→ Task prompt
Because the copy must hold no pictures, return the data below with all of its words intact.
Start of Given material
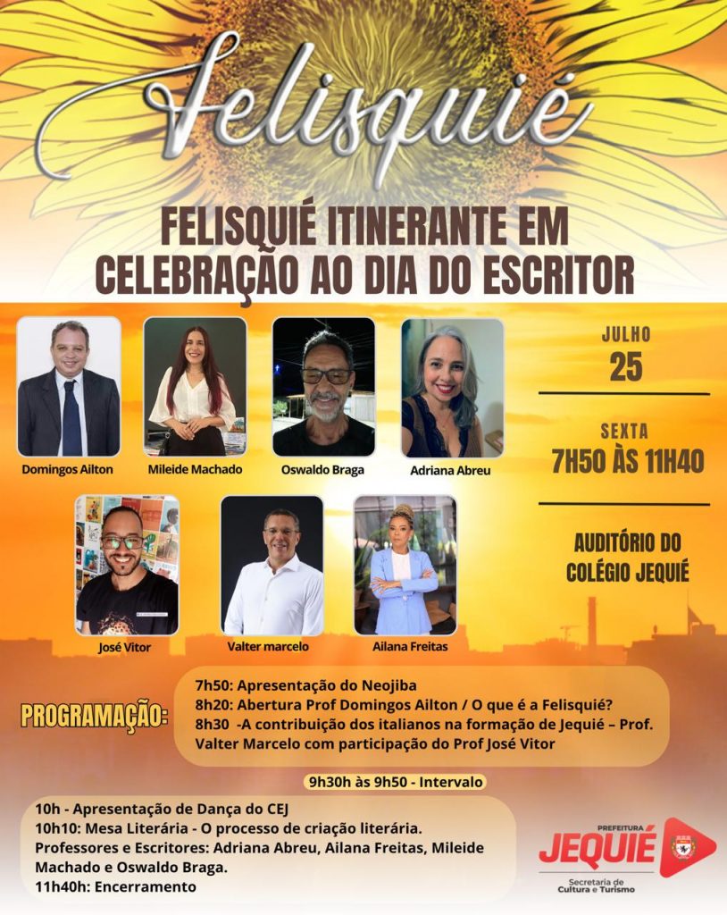 Na próxima terça feira, dia 29 de julho, às 18h na Academia de Letras da Bahia, no bairro de Nazaré em Salvador, será lançada a IX Edição da Festa Literária Internacional do Sertão de Jequié – Felisquié na Academia de Letras da Bahia, no bairro de Nazaré em Salvador.
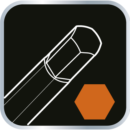 - Długa końcówka kulista – umożliwia odkręcanie i dokręcanie pod kątem do 25°,
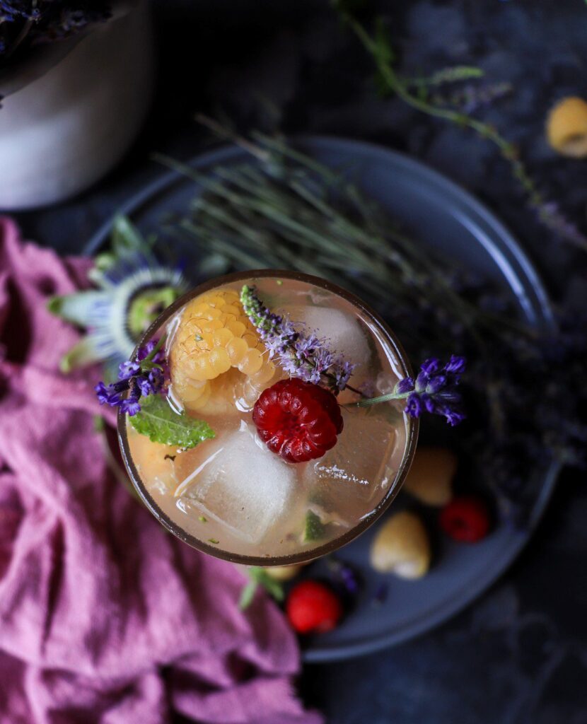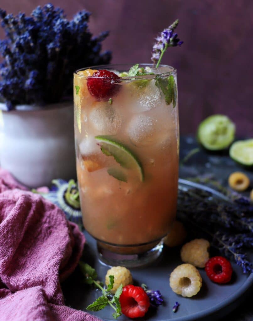 That’s super easy, really. Muddle the raspberries, lime juice, lavender syrup, and mint leaves in a small jug or shaker, crushing the berries and mint with a pestle (muddler). Pour into a glass and add a handful of ice. Pour the rum over, stirring with a long-handled spoon. Top up with soda water (if desired), garnish with more fresh raspberries, lime wedges, and mint, and enjoy!
End of Given material
→ Result
 Na próxima terça feira, dia 29 de julho, às 18h na Academia de Letras da Bahia, no bairro de Nazaré em Salvador, será lançada a IX Edição da Festa Literária Internacional do Sertão de Jequié – Felisquié na Academia de Letras da Bahia, no bairro de Nazaré em Salvador.
 - Długa końcówka kulista – umożliwia odkręcanie i dokręcanie pod kątem do 25°,
 That’s super easy, really. Muddle the raspberries, lime juice, lavender syrup, and mint leaves in a small jug or shaker, crushing the berries and mint with a pestle (muddler). Pour into a glass and add a handful of ice. Pour the rum over, stirring with a long-handled spoon. Top up with soda water (if desired), garnish with more fresh raspberries, lime wedges, and mint, and enjoy!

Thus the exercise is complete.